So the problem is that in comments trailing underscore has to be space prefixed to be treated as line continuation by the parser. 

Here is another sample where no comment/code continuation should happen


thinBasic Code:
Option Explicit
 Private Line_ As Long
 Private Sub Second(A As Long)
 End Sub
 Private Sub Form_Load()
    '-- First Line_
        Second Line_
End Sub

Not that final underscore can be part of variable name in normal code lines so space-underscore combo is actually required to be non-ambiguous.

cheers,
</wqw>

----------


## ahenry

I thought of another check that would be useful under the "zombie" category - labels without a corresponding Goto or On Error Goto. It would catch some non-functioning error handlers.

----------


## LaVolpe

Updated project posted.

----------


## LinkFX

Excellent project LaVolpe!

I made a couple very small modifications to this so it can accept a project file through command line arguments and open it directly.
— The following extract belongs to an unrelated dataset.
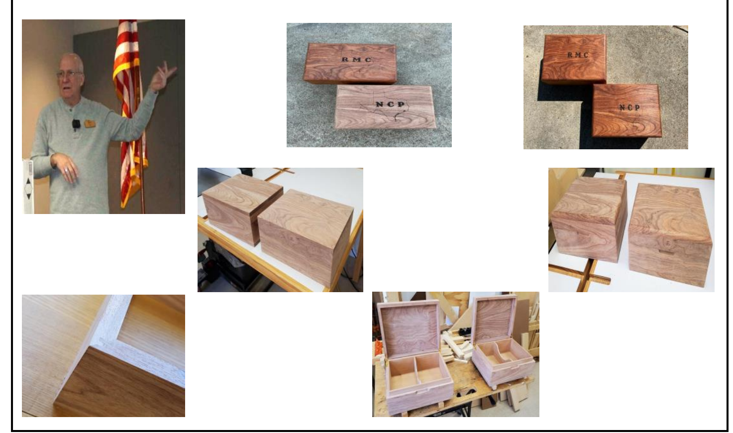
Volume 40 Issue 3

Tom Paulley - Humidors Finished with Odie's Oil
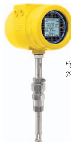
Figure 2: ST100 Series thermal mass gas flow meter

The mud logging service company engineers contacted Fluid Components International (FCI) for a possible solution. After analyzing the process requirements, the applications team at FCI recommended the company's ST100 Series thermal mass gas flow meter (Figure 2), which provides acceptable accuracy at low flow rates combined with a turndown far in excess of 100:1. The meter also includes integral data logging, and the meter's insertion style probe offered low pressure drop.

That way I can have the compiled .EXE in my MZ-Tools app shortcuts toolbar and launch it for the currently opened project with just one click. It's such a trivial modification it hardly seems worth it to post the code but there's an idea that you might wanna consider implementing yourself that probably takes no more than a few minutes!  :Smilie:

----------


## LaVolpe

> ...you might wanna consider implementing yourself that probably takes no more than a few minutes!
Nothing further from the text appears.